# Session 13 - Measuring environmental impact

In this session, we're going to look at one particular way that we can measure the impact of our code on the world around us. In particular, we're going to be looking at how we can approximate the *environmental impact* of our cultural data science footprint.

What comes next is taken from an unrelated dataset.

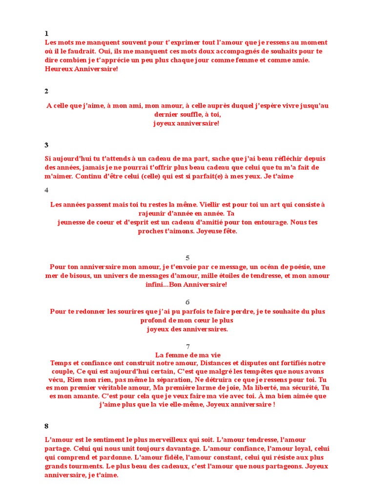 Les mots me manquent souvent pour t'exprimer tout l'amour que je ressens au moment où il le faudrait. Son chéri ou sa chérie. Aujourd'hui est une journée très spéciale alors que cette date soit un point de départ à de nouvelles découvertes et à de mon amour je te souhaite tout le bonheur toute la réussite et tout l'amour qu'une personne puisse avoir sur cette terre. Les mots me manquent souvent pour t'exprimer tout l'amour que je ressens au moment où il le faudrait.

To do this, we're going to use the open-source software package *CodeCarbon*. You can find more information at the following links:

- CodeCarbon Website: [https://codecarbon.io/](https://codecarbon.io/)
- GitHub Repo: [https://mlco2.github.io/codecarbon/](https://mlco2.github.io/codecarbon/)
- Documentation: [https://mlco2.github.io/codecarbon/](https://mlco2.github.io/codecarbon/)

We will do comparison of methods for Sentiment analysis, namely logistic regression, a simple neural network and a HuggingFace transformer.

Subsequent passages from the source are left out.